The company said its liquidity position also remained “strong”, with cash on hand of more than £3m and additional liquidity of around £18m via its revolving line of credit with Honeycomb Investment Trust.
Duke said it expected to make additional investments into its existing royalty partners over the coming months, both to provide financial support and to provide acquisition capital in certain circumstances.
“While it is too early to make any definite forecasts, Duke remains cautiously optimistic that its royalty partners will be able to successfully navigate through this unique period of uncertainty and Duke looks forward to being able to report on a more normalised trading environment in due course.”
In light of the lower cash receipts expected in the short term, and the likely follow-on investments that it intended to make into its existing royalty partners in the coming months, its board said it was prudent to retain cash as much as possible to support its portfolio.
To that end, for the upcoming June quarter, Duke said it would pay shareholders a scrip dividend instead of its normal cash dividend, with the exact amount to be announced in the normal timing cycle of mid-June.
Since 2017, Duke has paid out more than £12.7m in cash dividends, and said it intended to revert to the payment of cash when a more normalised trading environment returns.
“While we face an unexpected business environment, royalty companies are designed to withstand downside economic shocks,” said chief executive officer Neil Johnson.
“Duke Royalty benefits from both low operating costs and senior security in our investments, while limiting the downside adjustment in any given year.
“Our short-term priority is to support our royalty partners in order to protect our portfolio, while helping the long-term future of each company.”
Johhnson said that, like most lenders in the market, the company had made its contribution towards the fight against the virus by way of restructuring some of the repayment terms where necessary.
“I would like to take this opportunity to thank our royalty partners, some of which have also altered their business to contribute in the quest to overcome Covid-19, for the resilience they have shown in recent weeks.
“Our commitment to our shareholders is also steadfast.

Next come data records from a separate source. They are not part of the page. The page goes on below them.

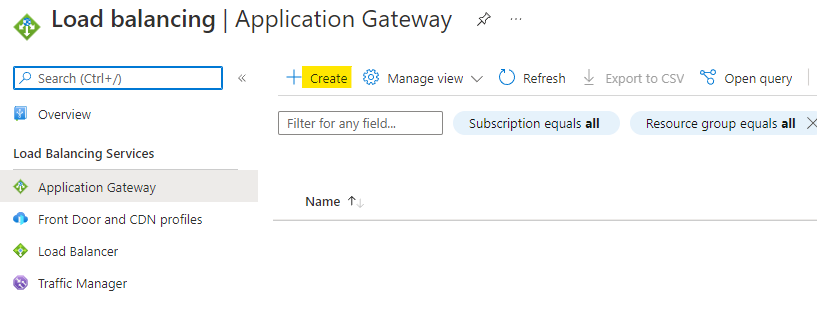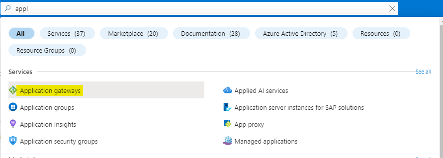 Search for Application gateways and open the Application gateways service as highlighted below.
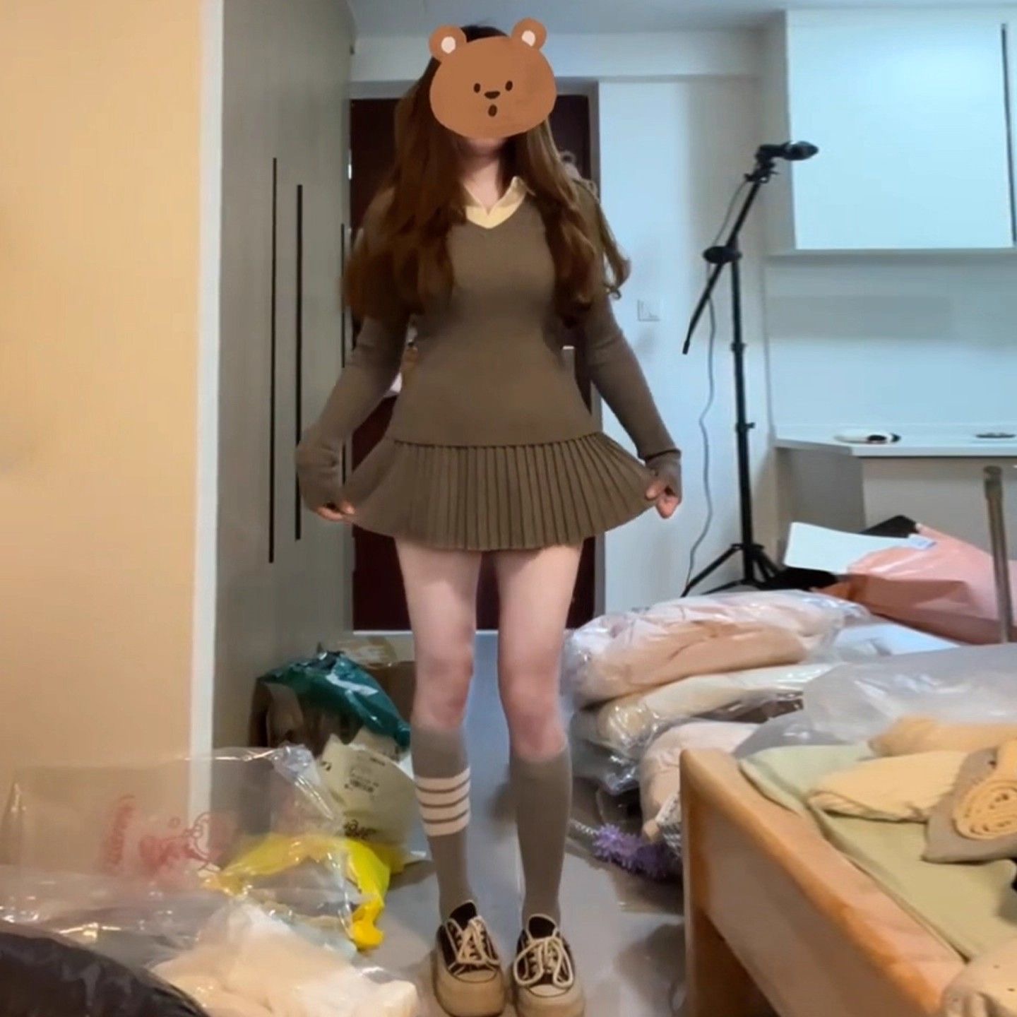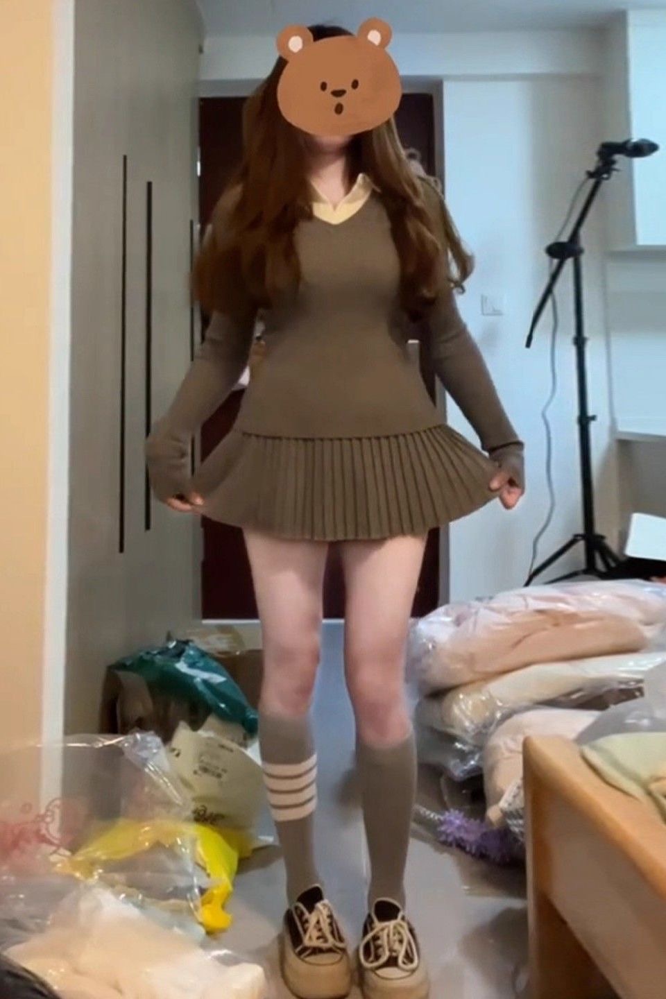 巨好看漂亮针织连衣裙女秋冬季2025新款小个子韩系穿搭百褶裙套装
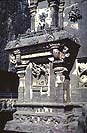 というのは、このカイラーサ寺院は 南方型の寺院建築様式をしていて、しかもモデルとなった石造寺院が 前期チャルキヤ朝の都、パッタダカルに現存しているからである。南インドではパッラヴァ朝とチャルキヤ朝が 宿命の対決を続けていたが、8世紀半ばにデカンのラーシュトラクータ朝が覇権を握り、両王朝の文化をも我がものにした。チャルキヤ朝はパッラヴァ朝の都、カーンチープラムの工人を奪って パッタダカルの寺院建設に従事させていたが、ラーシュトラクータ朝はさらにその建築家や工匠を エローラーに連れてきたろうと考えられる。
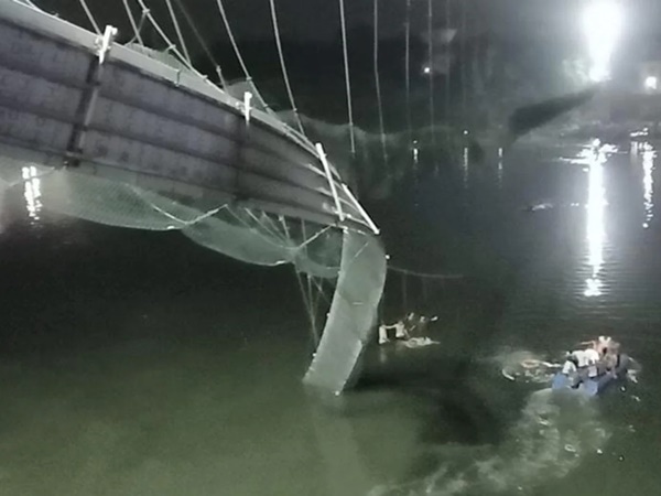മോര്ബിയിലെ മച്ചു നദിയ്ക്ക് കുറുകെയുള്ള പാലമാണ് വൈകിട്ട് 6.30 ഓടെ തകര്ന്നത്. അപകടം ഉണ്ടാകുന്ന സമയത്ത് അഞ്ഞൂറില് അധികം പേര് പാലത്തിലുണ്ടായിരുന്നു. പുതുക്കി പണിതശേഷം അഞ്ച് ദിവസം മുന്പാണ് പാലം തുറന്നുകൊടുത്തത്.
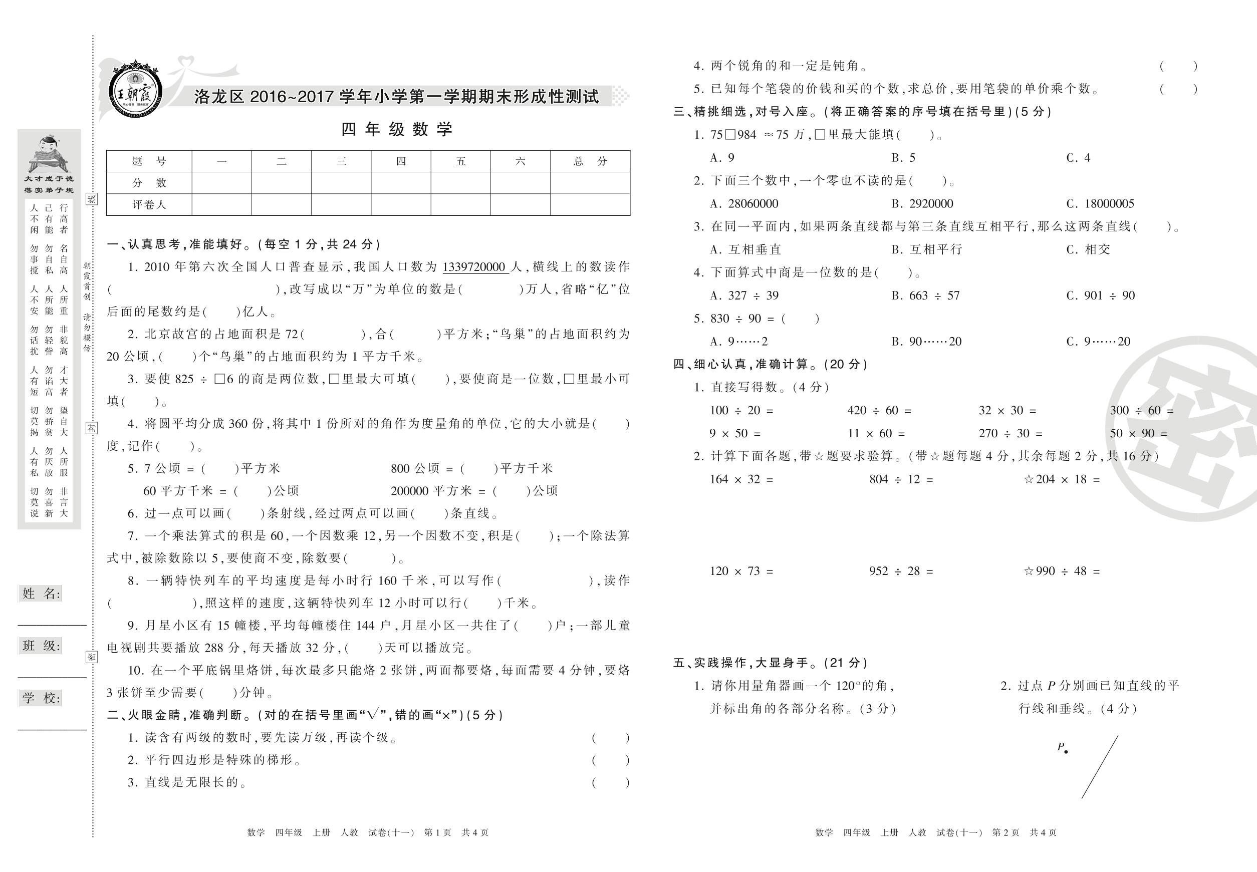 2016-2017学年第一学期洛阳市洛龙区四年级数学试卷(人教版)【11】
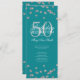 Elegante diseño "Programa de fiesta de cumpleaños" con Purpurina Confetti en plata y Verde azulado con texto personalizado.
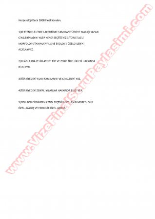Vize ve Final Soruları / Ankara Üniversitesi / Herpotoloji Dersi
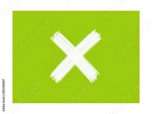 © Muaz, Obraz premium Hand drawn white x mark on bright green background, symbol of rejection or error
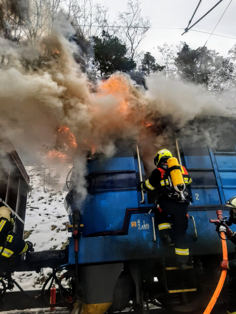 Hasiči zasahují u požáru lokomotivy. Provoz na železnici u Budějc je zastavený
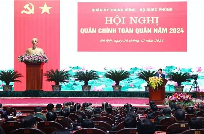 Về phương hướng nhiệm vụ trong năm 2025, Quân ủy Trung ương, Bộ Quốc phòng lãnh đạo, chỉ đạo toàn quân chủ động rà soát chương trình, kế hoạch công tác, quán triệt, thực hiện nghiêm túc, hiệu quả chỉ đạo của đồng chí Tổng Bí thư tại Phiên họp Quân uỷ Trung ương lần thứ 12, “tăng tốc, bứt phá, quyết tâm hoàn thành thắng lợi mục tiêu, nhiệm vụ Nghị quyết Đại hội Đảng bộ Quân đội lần thứ XI”. Trong đó, tập trung nâng cao năng lực nghiên cứu, dự báo, đánh giá tình hình, tham mưu với Đảng, Nhà nước hoạch định đúng đắn chủ trương, sách lược quân sự, quốc phòng đáp ứng nhiệm vụ bảo vệ Tổ quốc cả trước mắt và lâu dài. Đồng thời phát huy sức mạnh tổng hợp, xây dựng, củng cố nền quốc phòng toàn dân vững mạnh, khu vực phòng thủ các cấp vững chắc. Tiếp tục quán triệt, thực hiện nghiêm túc các chủ trương, chỉ đạo của Trung ương về xây dựng, chỉnh đốn Đảng. Chủ động triển khai linh hoạt, thực chất, hiệu quả các hoạt động đối ngoại quốc phòng cả song phương và đa phương. Chủ động, tự lực, tự cường, bảo đảm đầy đủ, kịp thời hậu cần, kỹ thuật cho các nhiệm vụ.
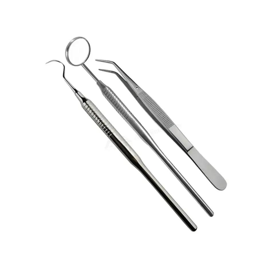 Ensemble d'instruments dentaires 3 kits d'examen dentaire en acier inoxydable et poignée de miroir pour l'examen dentaire des étudiants
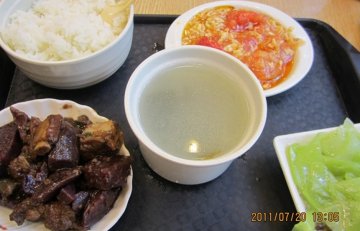 去牙防所看牙 在这里解决午饭 附近也没啥吃的了 除非走到日月光这家真素火爆啊 还弄了个蛇形通道 搞得跟世博会一样 真搞不懂这么难吃的店人气还这么旺~``喊了紫薯蒸排骨13:排骨很少 剩下都素紫薯莴笋火腿7:一般 没看到火腿嘛~``西红柿炒蛋7:貌似加了番茄沙司炒出来的 和家里炒的味道不一样冬瓜排骨汤6:这个神奇了 明明喊的冬瓜排骨汤 为啥里面会出现小鸡块? 是赚了吗? 天额~``米饭2块随便吃吃 填肚子填肚子~`` 没下次没下次!!
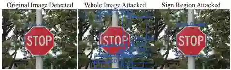 图1:Evtimov等人生成被错误分类的物理停止标志,然而,这些停止标志可以被Faster RCNN检测到。图片来自[17]的图10.(引用参见原文)
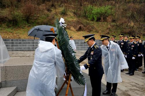 ÃëÀÓ ÈÄ Ã¹ ¹øÂ° ÀÏÁ¤À¸·Î ºñ°¡ ³»¸®´Â »óȲ¿¡¼µµ ±³À°¿ø ³» ÃæÈ¥Å¾À» ¹æ¹®ÇÏ¿©, ±¹°¡¿Í ±¹¹ÎÀ» À§ÇØ »ý¸íÀ» ¹ÙÄ£ ¼øÁ÷ °ø¹«¿ø°ú È£±¹ ¿µ·ÉµéÀÇ ³ÌÀ» À§·Î Çϰí Âü¹èÇß´Ù.

“Currently, the board believes cash conservation is prudent, which has been the response of most businesses during this pandemic.”
However, rewarding shareholders through dividends remained a priority, so Johnson said the firm would continue the dividend through a scrip arrangement.
“Given the strong financial performance we delivered ahead of the outbreak, I believe we will move out of this extraordinary time having demonstrated the resilience of our model, the benefits of our capital over short dated bank debt, and the strength of our support for our partners in overcoming this unique trading period.”
At 1348 BST, shares in Duke Royalty were up 26.32% at 24p.